Kematian dan pengkhianatan Stevan tidak bisa diterima oleh Rebecca. Ia menjumpai ibu kandung Ellard yang saat itu sudah hamil tua berniat untuk melampiaskan kemarahannya. Namun takdir berkata lain, wanita itu meninggal saat melahirkan Ellard. Ellard yang malang harus menanggung kemarahan Rebecca.

Satu tahun terakhir ini, ia tidak pernah memimpikan kenangan buruk itu lagi. Tapi ada ada dengan malam ini? Ia sedang tertekan akan kerinduan terhadap Naura, dan ia juga pergi ke rumah sakit untuk menyaksikan kondisi Rebecca yang dikabarkan Edward terjatuh di dalam toilet. Wanita itu terlihat baik-baik saja. Lalu kenapa mimpi itu harus kembali menghantuinya? Ia sungguh takut, sangat takut. Ia benci melihat ketidak berdayaannya di dalam mimpi itu. Ia terlihat seperti pengemis. Ya, mengemis perhatian dan kasih sayang.

Ini mengerikan, aku harus bangun, Ellard bangunlah! Sisi dirinya yang lain memerintah Ellard agar segera bangun dari mimpi buruk yang membelenggunya.
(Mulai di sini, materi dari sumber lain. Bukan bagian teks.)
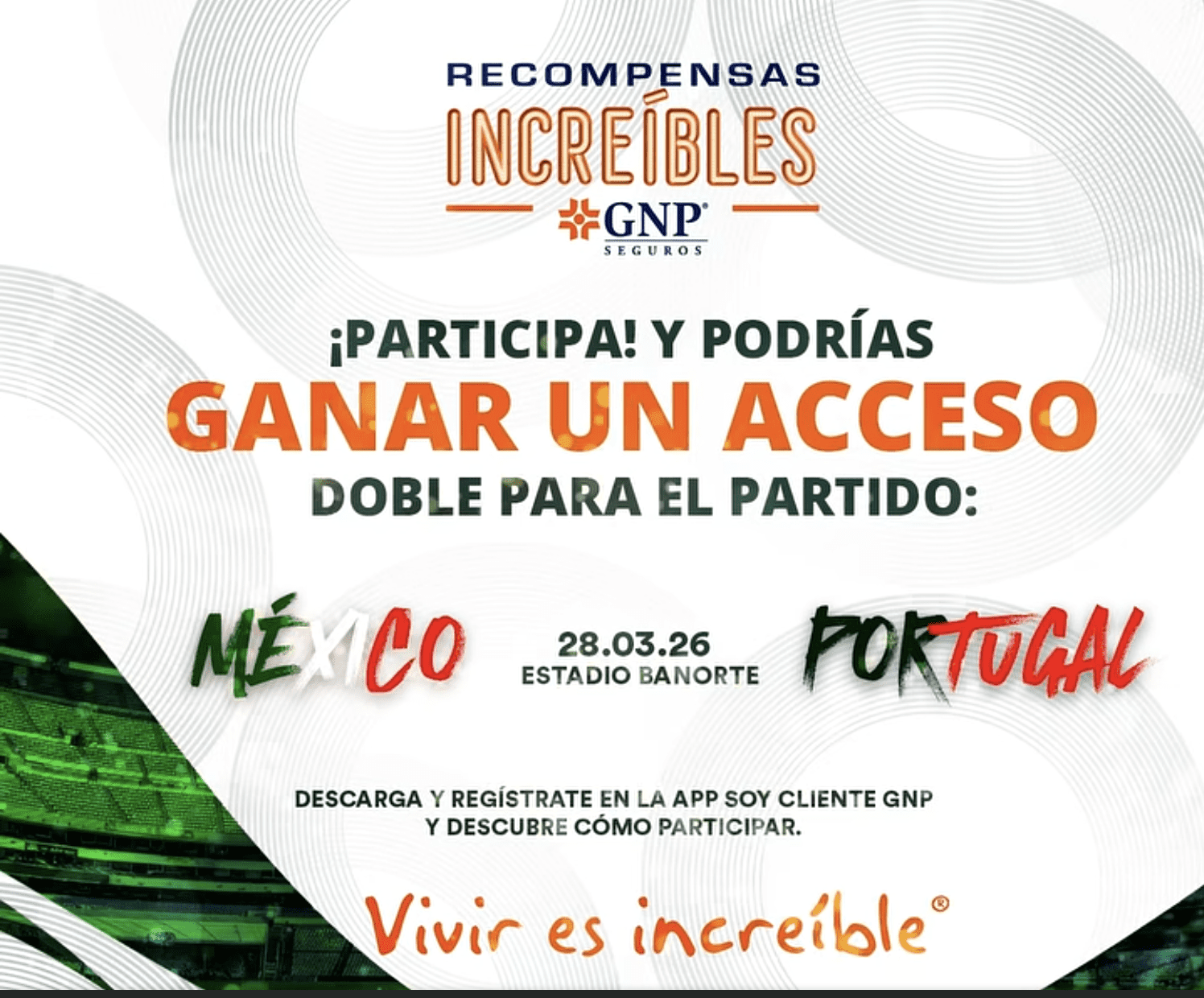 GNP Seguros te invita a participar a su concurso en el que podrás ganar boletos dobles para ir al partido de México vs Portugal, si quieres ser ganador realiza la mecánica siguiente:

Shit! Aku membutuhkan Naura.

"Hei, ada apa denganmu? Tenanglah. Itu hanya mimpi buruk. Buka matamu dan bangunlah. Kau baik-baik saja."

Suara siapa itu? bukan suara kekasihku-Naura. Dan ini bukan cara Naura membangunkan dan menenangkanku.

"Hei, kau tidak sendirian. Aku di sini, bersamamu. Bangunlah, aku menunggumu,"

Ellard tersentak dan terbangun. Pria itu duduk dengan tiba-tiba membuat genggaman tangan Emily terlepas paksa.

"Syukurlah kau sudah bangun. Lihatlah, kau baik-baik saja, bukan. Kau lebih hebat dari mimpi buruk itu,"

Ellard mengerjapkan matanya berulang kali, melihat sosok yang baru saja menyelamatkannya dari rasa sesak yang luar biasa mematikan.

Entah mendapat dorongan dari mana tangannya terulur menarik Emily agar berdiri dan daduk di pangkuannya. Ia memeluk Emily.

"Aa-aku Emily,"

"Aku tahu. Diamlah." Ellard mengeratkan pelukannya dan semakin mengeratkan pelukannya tatkala jemari Emily mengusap lembut kepalanya.